Между тем иллюзий по поводу этого мира я не питал. Всевидение не оставляло для них простора. Где-то за морским горизонтом были убийственные пустыни, мертвящие холода, сводящие с ума слякоть и морось, где-то разумные особи убивали себе подобных с единственной целью — совладать с голодом и выжить... Как и подобает всякому достаточно просторному миру, этот состоял не только из солнца, зелени и бабочек, но и из крови, грязи и пепла, был написан не только переливами радуги, но и черными, и белыми красками, а по большей части — серыми. Мне повезло пробудиться на Огигии, несказанно повезло. Все могло сложиться иначе, и мизантропом я сделался бы намного раньше, а не на склоне этой своей жизни...
А до той поры Калипсо воспитывала во мне человека.
Например, с особенным весельем, самозабвенно обучала искусству любви.
Эта часть мозаики окрашена в самые яркие цвета. Я люблю об этом вспоминать. Вспоминать — но не рассказывать. Все, что происходило между мной и Калипсо, принадлежит только нам.
Не знаю, зачем она это делала. Но своего добилась. Впрочем, я был неплохим учеником.
Ей удалось меня приручить. В какой-то момент я прекратил инстинктивное сопротивление, а затем обнаружил, что мне нравится быть ее игрушкой. В конце концов, я и был задуман игрушкой с самого начала.
Ко всем своим прочим достоинствам, Калипсо была любознательна. Все женщины любопытны, но она хотела не новостей — какие на Огигии новости! — а новых знаний. Редко я встречал столь благодарного слушателя.

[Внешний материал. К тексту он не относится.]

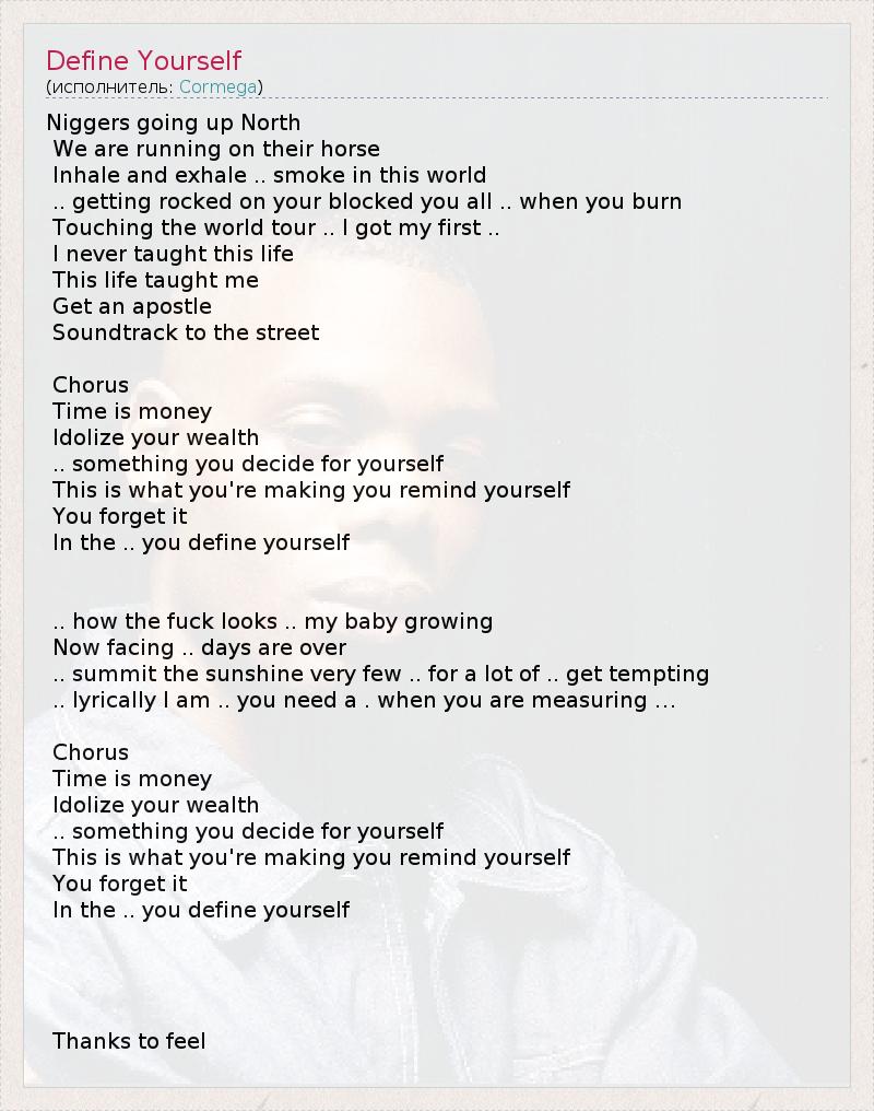 А как ты думаешь, о чем песня "Define Yourself" ?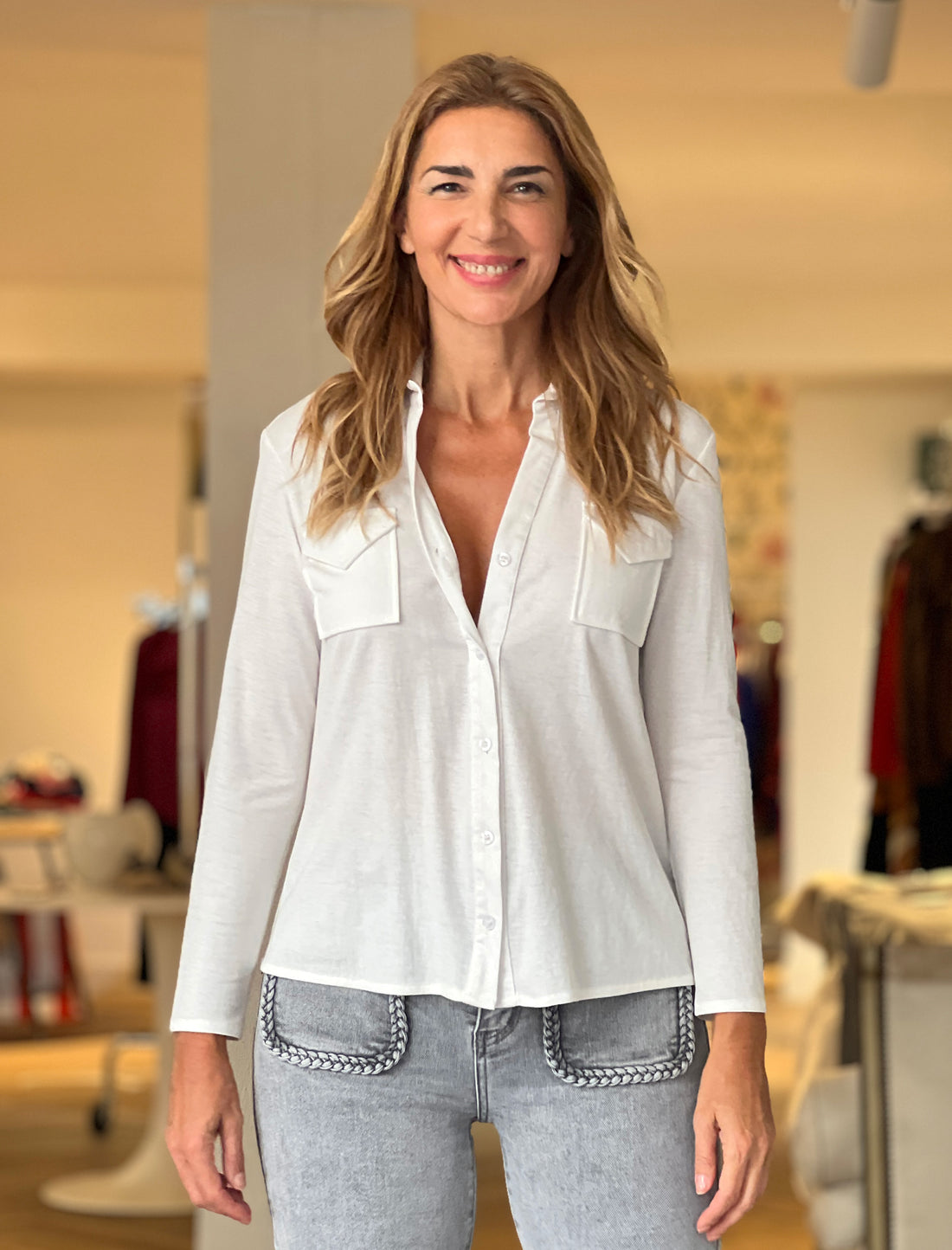 Cuellos estructurados, cuello mao, botones cubiertos o vuelos ligeros en las mangas: esos detalles añadidos convierten una blusa básica en una prenda especial. Todo sin caer en la ostentación, manteniendo siempre el estilo sobrio y elegante.

Жаль, мне так и не удалось убедить ее, что Ойкумена — не просто очень большой остров, а совокупность материков, прихотливо выступающих над каменистым шаром в водяной оболочке. Кажется, интуитивно она склонялась к модели мироздания по Фалесу[84] — внутренняя поверхность жидкой сферы, по которой плавают островки суши. С математикой она была почти не знакома, законы физики принимала весьма избирательно, отчего моя система аргументов неизменно отступала перед женской логикой.
Впрочем, концепция множественности миров ее вдохновила и потрясла. Должно быть, Калипсо сочла ее достаточно безумной, чтобы быть истинной... Нам было чем занять себя темными прохладными вечерами, и это не обязательно была телесная любовь. «Я готова слушать», — объявляла Калипсо. «Ты уверена, что хочешь об этом знать?» — уточнял я. — «Нет, — говорила она нетерпеливо. — Но скоро это выяснится...» И я рассказывал о летающих городах фуаленербенгов, о машине мироздания алерсэйгарызов, о каменных кораблях тунсеттонов... «А каков он, твой Создатель Всех Миров? Он похож на Зевса?» — «Он не похож ни на что, вмещающееся в человеческом воображении. Ведь это не человек, и даже не высшее существо. Это чистый свет из ниоткуда, это движение без движимого, это сила без первоисточника...» — «Он сейчас видит и слышит нас?» — «Не так, моя Калипсо. Он может видеть и слышать все, что происходит в его мирах. Вопрос лишь в том, достаточно ли мы велики, чтобы привлечь к себе его внимание...» — «Мне кажется, я вполне хороша собой, чтобы боги поглядывали в мою сторону хотя бы изредка». — «Насколько я понимаю, у Создателя своеобразные представления о прекрасном». — «А ты его видел?» — «Иногда мне кажется, что я был рядом с ним, быть может — в его руках. Хотя вряд ли такое возможно. Ведь я возник в одном из миров, которые он сотворил для себя, но посещал крайне редко...»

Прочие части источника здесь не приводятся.